NEW ULM — Tourism targeting in New Ulm, which has always made hay with the hip-replacement set, is aiming to get hipper.
A $50,000 bobblehead-centric ad campaign has been launched to pitch the city’s charms to a younger demographic.
“We do pretty well with retired folks, and that’s great. We’ll take that until the cows come home,” Convention and Visitors Bureau Manager Terry Sveine said.
But tweaking the visitor base to skew younger requires a different take on the city’s German-heritage theme. That’s because ethnic tourism doesn’t resonate with young people, Sveine said.
Enter Haberman Modern Storytellers, a Minneapolis firm selected from about 20 marketing agencies approached by the city.
The firm’s approach seeks to override New Ulm’s stuffy-and-old German stereotype with a “Germans Have More Fun” campaign (GermansHaveMoreFun.com) that makes use of social media and touts a video featuring the town’s icon ... out on the town.
In the website video, Hermann the German warrior in bobblehead form takes center stage as a sightseeing, bar-hopping boulevardier, flitting from bistro to park to golf course.
Hermann, who led a slaughter of invading Roman soldiers in 9 A.D., is now being positioned as New Ulm’s “mascot of merriment.”
And lest the video’s viewers don’t pick up on its German-is-fun message, the web page also features a photo of buxom beer-hall frauleins hoisting steins of brew.
The ad campaign was literally pitched to the public the other night, when Hermann T-shirts were tossed to fans at a St.
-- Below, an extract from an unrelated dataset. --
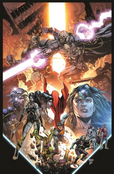 The Darkseid War continues to be waged with shocks and excitement aplenty in “Justice League” #44. In this fourth part of Geoff Johns’ epic story, the combination of the world of the New Gods and the Justice League retains its momentum toward the stratosphere. Johns’ interpretation of Gods new and old will have people who recognize these characters cheering or gasping (or both). New readers will be just as mind-boggled as well. Johns has a deep love for the League and Kirby’s creations and it shows in his reverence of as well as updating of lore. We’re only into the fourth part and it already seems like a lot of crucial and world-changing events have already happened. This issue, like the previous ones in this storyline, is both epic in nature and very personal. We worry about these characters and delve into their minds as if we’re with them on this harrowing journey. And what could be more exciting than seeing Darkseid and the Anti-Monitor clash? Maybe that shocking last page?

Paul Saints baseball game.
Laura Nefs of Haberman, the ad campaign’s 29-year-old manager, said she and a colleague spent two days in New Ulm to get a handle on how to get the 25-35 crowd not only to day-trip in the city but to stay overnight.
“Our charge is to get more heads in beds,” she said. “We want to take New Ulm’s German heritage to an exciting, fun, hip level.”
The campaign will run through November. Funding for the Convention and Visitors Bureau comes from city lodging taxes.